━━ DATA TO PROCESS
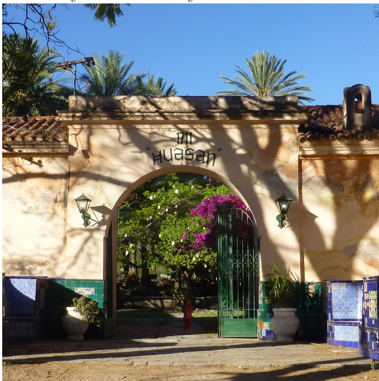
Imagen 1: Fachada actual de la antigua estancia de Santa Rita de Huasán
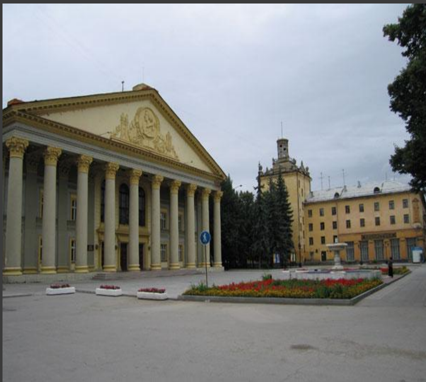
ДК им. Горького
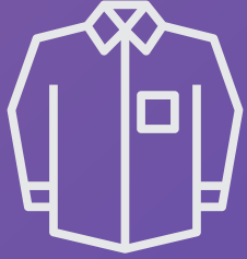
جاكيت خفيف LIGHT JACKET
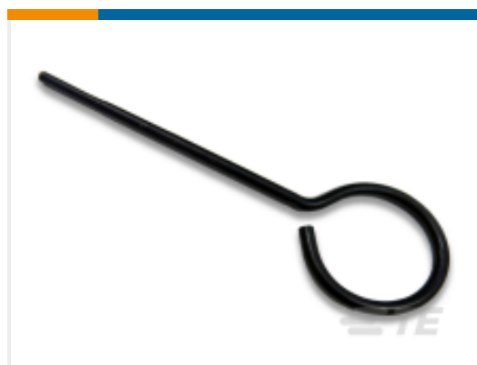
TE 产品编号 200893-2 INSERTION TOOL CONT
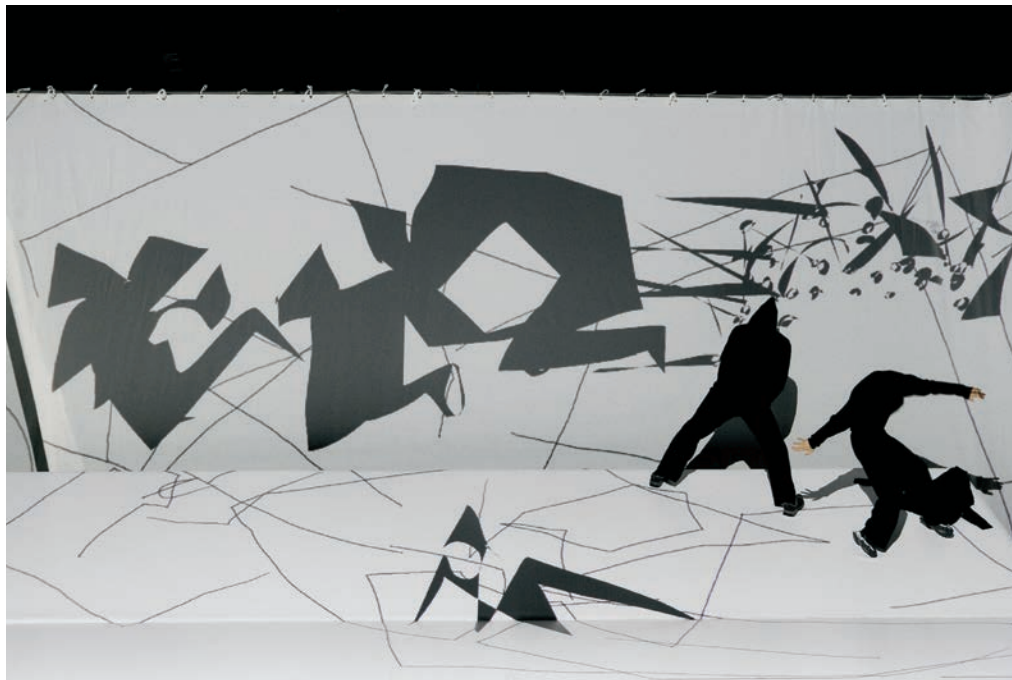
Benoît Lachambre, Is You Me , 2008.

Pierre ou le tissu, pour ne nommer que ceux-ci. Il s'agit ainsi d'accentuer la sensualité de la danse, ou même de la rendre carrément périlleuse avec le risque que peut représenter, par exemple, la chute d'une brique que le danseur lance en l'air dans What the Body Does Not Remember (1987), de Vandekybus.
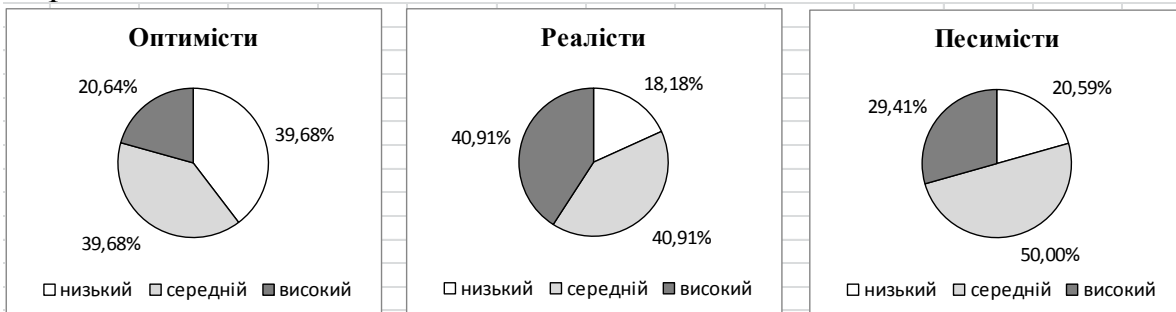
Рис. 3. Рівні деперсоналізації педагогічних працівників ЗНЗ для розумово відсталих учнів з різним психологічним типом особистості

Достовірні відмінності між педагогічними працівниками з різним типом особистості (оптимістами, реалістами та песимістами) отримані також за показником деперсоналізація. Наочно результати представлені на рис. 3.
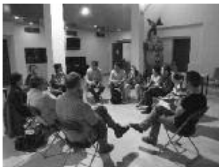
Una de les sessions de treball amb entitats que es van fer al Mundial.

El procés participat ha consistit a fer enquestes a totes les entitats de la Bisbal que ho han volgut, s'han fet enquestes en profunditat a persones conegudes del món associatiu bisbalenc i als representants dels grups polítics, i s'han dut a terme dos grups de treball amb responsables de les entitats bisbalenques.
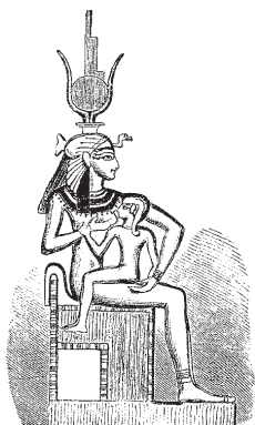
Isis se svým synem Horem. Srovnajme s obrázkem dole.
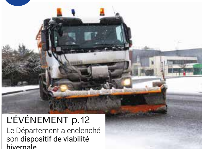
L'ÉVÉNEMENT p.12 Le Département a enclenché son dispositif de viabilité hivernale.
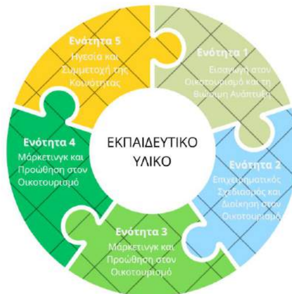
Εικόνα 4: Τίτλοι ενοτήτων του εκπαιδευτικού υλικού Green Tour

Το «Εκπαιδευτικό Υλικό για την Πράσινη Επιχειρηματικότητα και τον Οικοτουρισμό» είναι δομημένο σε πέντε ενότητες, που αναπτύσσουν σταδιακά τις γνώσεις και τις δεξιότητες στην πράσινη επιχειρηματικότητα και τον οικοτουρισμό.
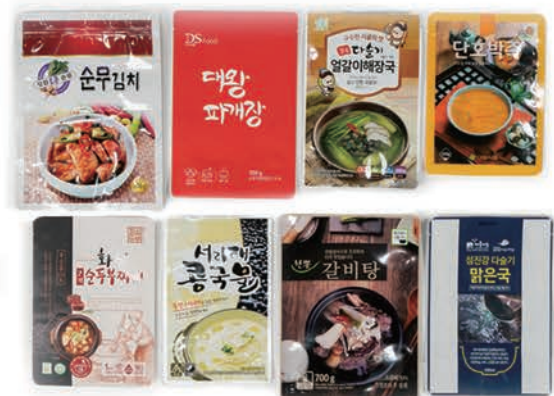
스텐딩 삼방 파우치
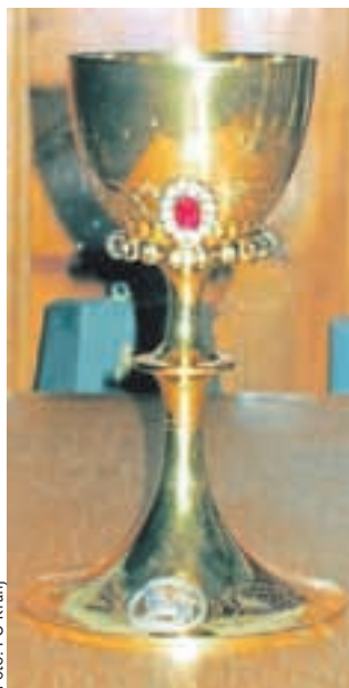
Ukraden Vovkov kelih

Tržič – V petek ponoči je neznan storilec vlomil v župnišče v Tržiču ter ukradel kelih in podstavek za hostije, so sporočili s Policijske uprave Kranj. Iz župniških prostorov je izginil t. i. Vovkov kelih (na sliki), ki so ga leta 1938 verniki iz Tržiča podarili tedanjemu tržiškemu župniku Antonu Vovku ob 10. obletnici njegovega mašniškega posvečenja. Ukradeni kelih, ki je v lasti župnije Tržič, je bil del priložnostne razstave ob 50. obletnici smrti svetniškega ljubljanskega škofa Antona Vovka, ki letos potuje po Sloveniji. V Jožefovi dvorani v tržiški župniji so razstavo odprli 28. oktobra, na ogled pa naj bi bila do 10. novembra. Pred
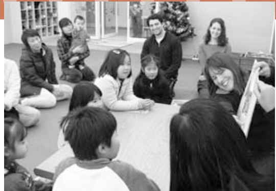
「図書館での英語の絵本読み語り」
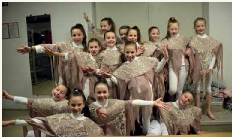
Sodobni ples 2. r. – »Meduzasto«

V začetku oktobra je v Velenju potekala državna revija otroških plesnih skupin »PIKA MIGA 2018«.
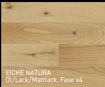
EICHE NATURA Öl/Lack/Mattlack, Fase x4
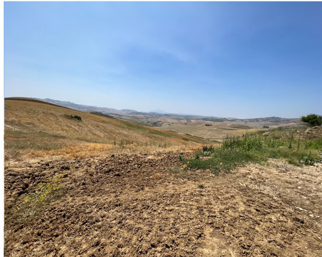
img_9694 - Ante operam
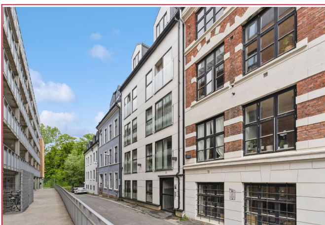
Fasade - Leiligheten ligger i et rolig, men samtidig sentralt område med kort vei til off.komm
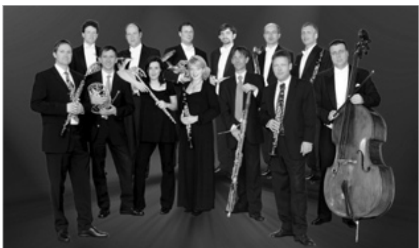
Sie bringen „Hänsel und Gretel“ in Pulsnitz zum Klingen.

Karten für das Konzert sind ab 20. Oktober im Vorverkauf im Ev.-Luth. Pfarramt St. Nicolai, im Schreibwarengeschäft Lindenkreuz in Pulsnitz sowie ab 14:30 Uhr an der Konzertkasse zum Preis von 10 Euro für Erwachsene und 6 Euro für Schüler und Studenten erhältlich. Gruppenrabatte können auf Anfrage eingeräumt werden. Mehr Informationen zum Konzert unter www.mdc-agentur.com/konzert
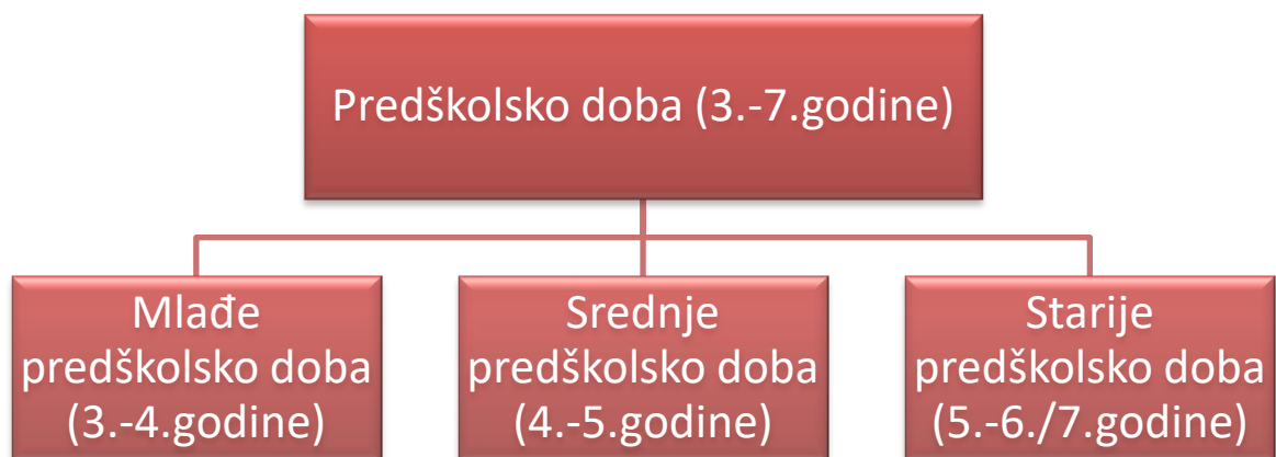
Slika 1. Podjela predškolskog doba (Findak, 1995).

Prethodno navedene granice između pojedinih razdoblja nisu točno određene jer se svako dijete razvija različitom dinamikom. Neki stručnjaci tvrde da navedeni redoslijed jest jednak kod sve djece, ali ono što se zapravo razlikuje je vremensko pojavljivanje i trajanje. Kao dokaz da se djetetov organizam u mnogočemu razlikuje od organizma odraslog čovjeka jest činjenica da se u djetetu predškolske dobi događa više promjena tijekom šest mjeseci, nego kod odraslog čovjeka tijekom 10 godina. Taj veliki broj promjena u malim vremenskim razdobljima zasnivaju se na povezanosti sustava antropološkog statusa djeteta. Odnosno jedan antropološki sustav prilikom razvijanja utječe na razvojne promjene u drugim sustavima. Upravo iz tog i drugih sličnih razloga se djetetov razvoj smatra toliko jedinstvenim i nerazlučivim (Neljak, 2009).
━━━━
**ACTIVITY:** All pictures are to be skipped. Output, word for word, the lines in the data above starting at the line containing "Fasade - Leiligheten" and ending at the line containing "Slika 1. Podjela".

**ANSWER BOX:**
Fasade - Leiligheten ligger i et rolig, men samtidig sentralt område med kort vei til off.komm
Sie bringen „Hänsel und Gretel“ in Pulsnitz zum Klingen.

Karten für das Konzert sind ab 20. Oktober im Vorverkauf im Ev.-Luth. Pfarramt St. Nicolai, im Schreibwarengeschäft Lindenkreuz in Pulsnitz sowie ab 14:30 Uhr an der Konzertkasse zum Preis von 10 Euro für Erwachsene und 6 Euro für Schüler und Studenten erhältlich. Gruppenrabatte können auf Anfrage eingeräumt werden. Mehr Informationen zum Konzert unter www.mdc-agentur.com/konzert
Slika 1. Podjela predškolskog doba (Findak, 1995).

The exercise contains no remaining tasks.